En la novela de Tomasi di Lampedusa, la aristocracia siciliana muere con una elegancia digna de una decadencia autoconsciente. Su caída es una sinfonía menor, pausada, cargada de una belleza que se sabe terminal. El príncipe de Salina, ese felino fatigado, no resiste la modernidad: la contempla, la tolera desde el desprecio calmo de quien sabe que su tiempo ha pasado. Es una danza con la muerte, hecha con pasos de vals y resignación. Nada de eso sobrevive en la adaptación de Netflix.
La serie The Leopard (2025) no captura la decadencia, solo (apenas) la ilustra. Montaje de estampas bellas, desfile de palacios lustrados y trajes que un gran presupuesto hizo posible. Kim Rossi Stuart, como el Príncipe, camina entre escenas con la gravedad de un actor que ha comprendido las palabras, pero apenas el contexto originario que las habita. Hay gestos, encuadres y una banda sonora destacables; sin embargo, falta la muerte invisible que atraviesa cada línea del texto original.
Angelica, interpretada por Deva Cassel (hija de la divina Monica Bellucci), es solo superficie. Donde debería haber ambigüedad, deseo, una sensualidad impregnada de oportunismo, asoma solo una figura hermosa, congelada en sus poses. La serie, temerosa del ritmo lento que exige la verdadera melancolía, acelera, recorta, estetiza. En lugar de presentar un mundo que se desvanece, construye uno que nunca existió.
Las referencias históricas se deslizan como telones de fondo, no como fuerzas vivas. La unificación de Italia, esa tragedia disfrazada de progreso, aparece como contexto decorativo. La verdadera tensión entre lo viejo y lo nuevo se ausenta, dejando solo una exposición de contrastes que no se tocan. Estamos ante una serie que se complace en su propia producción.
Conviene atender a los interiores como se leería una autobiografía secreta: la novela entiende que una clase se narra en su mobiliario, en la pátina de los bronces y en el polvillo que duerme en las molduras. Allí, cada objeto funciona como vanitas domésticas —el reloj detenido, el retrato agrietado, el abanico vetusto— y delata la respiración cansada del linaje. En la serie, las estancias lucen como salas de exposición, superficies sin memoria, damascos sin roce, espejos que no guardan huellas. La casa del Príncipe, que en el libro se despuebla como un cuerpo que enferma, aquí resulta un catálogo; no suena la madera, no huele a cera, no hay flores que mueran en los floreros. Se extravía, con ello, la microfísica de la decadencia, ese repertorio mínimo de signos —un crujido contenido, una lámpara que obliga a bajar la voz, un terciopelo que enseña la gravitación de los gestos— por donde la historia se vuelve estilo. Y cuando la iconografía del uso se borra, lo que queda es mera utilería.
El problema no es que The Leopard sea una mala serie. Podemos catalogarla como una buena serie disfrazada de gran arte. La novela era un epitafio escrito con orfebrería. La serie captura el contorno, pero ignora el espíritu de la Letra. Y en su afán de representar la belleza de lo que desaparece, termina por desaparecer lo bello.

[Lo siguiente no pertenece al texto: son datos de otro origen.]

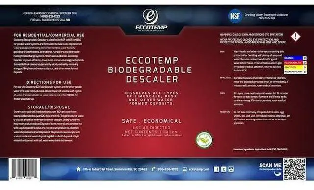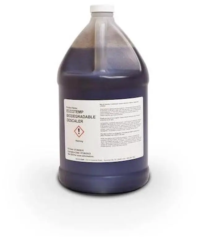 The Eccotemp System Descaler is made to quickly dissolves water scale, lime, rust, and other water formed deposits, restoring efficiency to most all appliances. The Eccotemp System Descaler is a non-toxic concentrate which is certified to NSF/ANSI 60 for use as a cleaner in potable water systems.

Luchino Visconti, en cambio, comprendió lo esencial. Su adaptación de 1963 no intentó traducir la novela, sino convocarla a través del lente. Su cámara se mueve como si danzara con la muerte misma, otorgando a cada encuadre el peso del tiempo que se extingue. Burt Lancaster, improbable Príncipe, logra encarnar la dignidad herida y la fatiga de clase sin necesidad de subrayar nada. La escena del baile final —larga, hipnótica, casi funeraria— es más fiel al espíritu de Lampedusa que cualquier reconstrucción literal. Visconti no se permite estetizar la decadencia, por el contrario, la respira. Y al hacerlo, logra lo que la serie de Netflix ni siquiera intenta: entender que es necesario que todo cambie para que nada cambie en realidad.
Una adaptación digna de Il Gattopardo debería entender que la verdadera tragedia, más que la pérdida del poder, es la conciencia de que la historia continúa sin necesidad de nosotros. Netflix, en cambio, ha hecho lo que hace mejor: reemplazar la memoria por estética, la profundidad por velocidad, el arte por contenido.
Quizá no nos quede más que aceptar esta adaptación con el mismo espíritu con el que el príncipe de Salina observa la llegada del nuevo orden: sin ilusiones ni esperanzas, pero con una suerte de resignación elegante. Porque si todo debe cambiar para que todo siga igual, entonces también estas adaptaciones, vacías y brillantes, son parte de ese eterno retorno. Y tal vez eso también merezca ser contemplado, aunque sea con la melancolía de quien ya no espera nada.





Exactamente, comparto el punto de vista del autor: Visconti sí rinde un homenaje a la gran novela de Tomasi di Lampedusa.